About this task ▸
Word for word and without images, reproduce the listing that follows.

Input data ▸
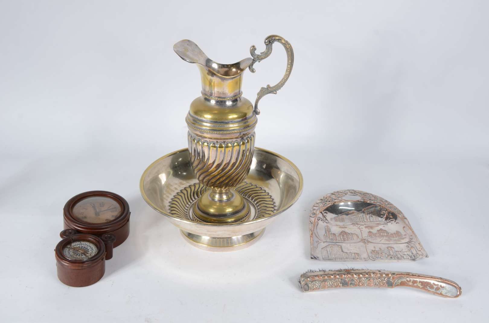Diversas peças, sendo: caixa porta jóias de madeira e par de serre livres com figuras de índios (um com a lança colada)
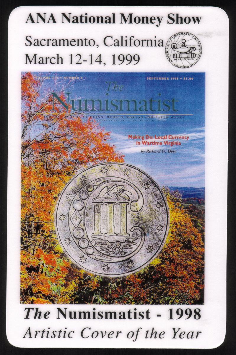This card appears as a collectible related to organizations and events in numismatics and coin collecting, specifically tied to the American Numismatic Association’s National Money Show held in 1999. It highlights aspects of numismatic history and artistry through the featured coin and magazine cover, making it relevant to enthusiasts of currency, coins, and numismatic publications.
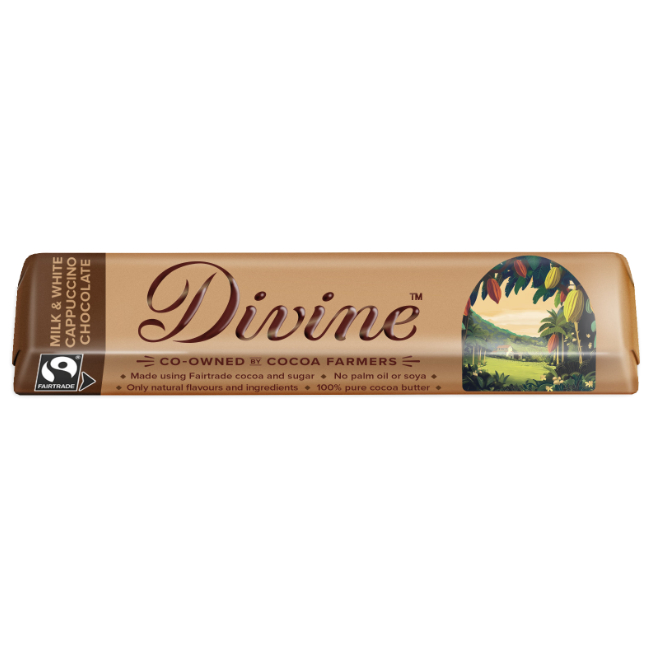 Made with the finest Fairtrade cocoa beans from Ghana and only ever using natural flavours and ingredients, every bar directly improves the lives of farmers and their families. Dual layers of creamy white and milk chocolate fleckled with intense coffee pieces.
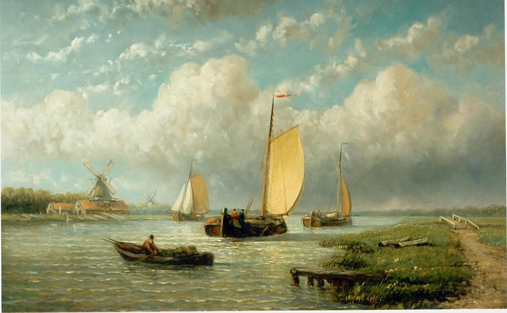 Hendrik Hulk kunstwerk • schilderij • voorheen te koop Tjalken op de rivier
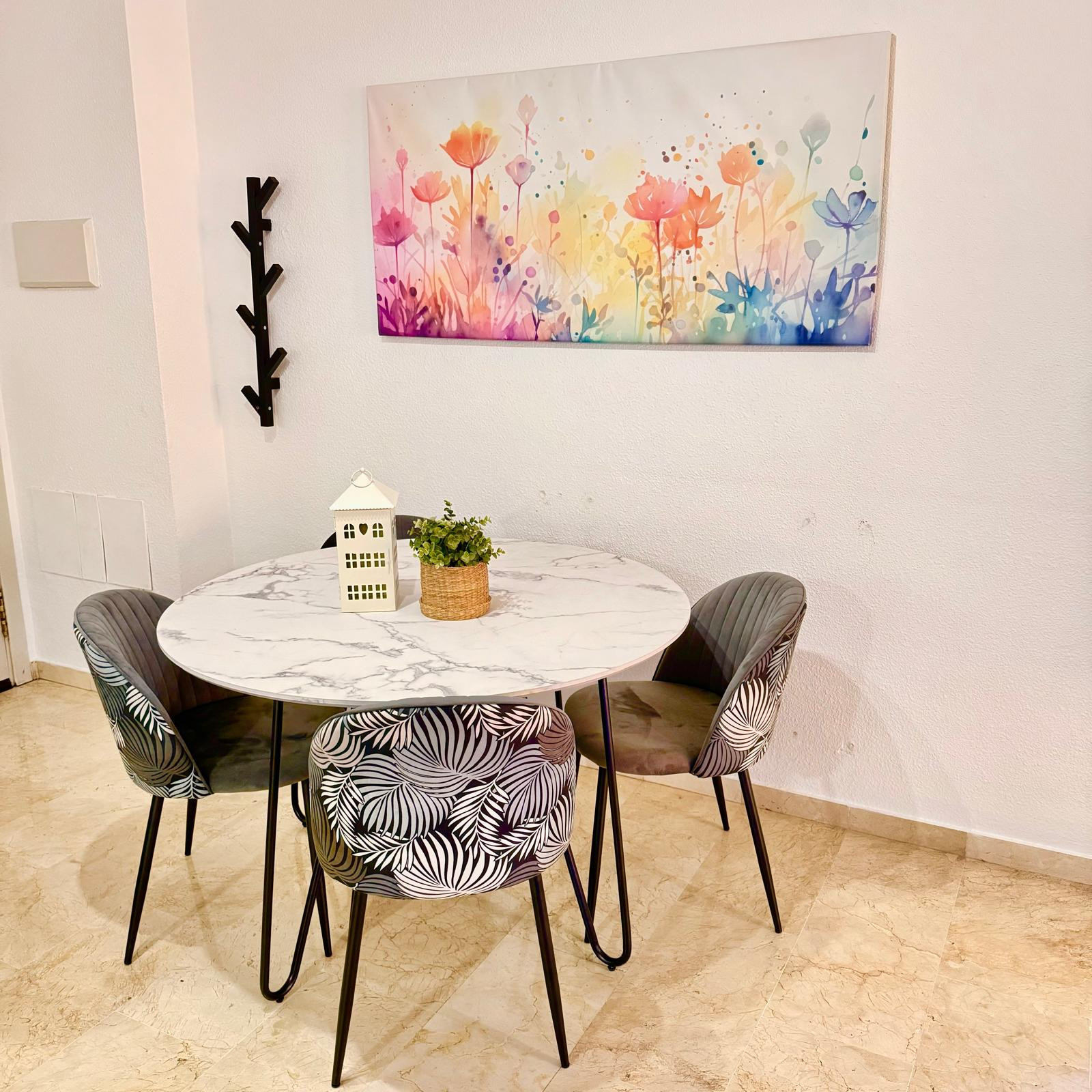 The train station for those arriving from the airport is located in the city center of Arroyo de la Miel, also a short drive away. Those vacationing in Benalmádena each year are likely to repeat bookings at this complex, this specific apartment is particularly interesting since there is no elevator in Pueblo Evita, the apartment benefits from being on the first floor, but having a spectacular open view of the town, mountain and sea.

Your response ▸
Diversas peças, sendo: caixa porta jóias de madeira e par de serre livres com figuras de índios (um com a lança colada)
This card appears as a collectible related to organizations and events in numismatics and coin collecting, specifically tied to the American Numismatic Association’s National Money Show held in 1999. It highlights aspects of numismatic history and artistry through the featured coin and magazine cover, making it relevant to enthusiasts of currency, coins, and numismatic publications.
 Made with the finest Fairtrade cocoa beans from Ghana and only ever using natural flavours and ingredients, every bar directly improves the lives of farmers and their families. Dual layers of creamy white and milk chocolate fleckled with intense coffee pieces.
 Hendrik Hulk kunstwerk • schilderij • voorheen te koop Tjalken op de rivier
 The train station for those arriving from the airport is located in the city center of Arroyo de la Miel, also a short drive away. Those vacationing in Benalmádena each year are likely to repeat bookings at this complex, this specific apartment is particularly interesting since there is no elevator in Pueblo Evita, the apartment benefits from being on the first floor, but having a spectacular open view of the town, mountain and sea.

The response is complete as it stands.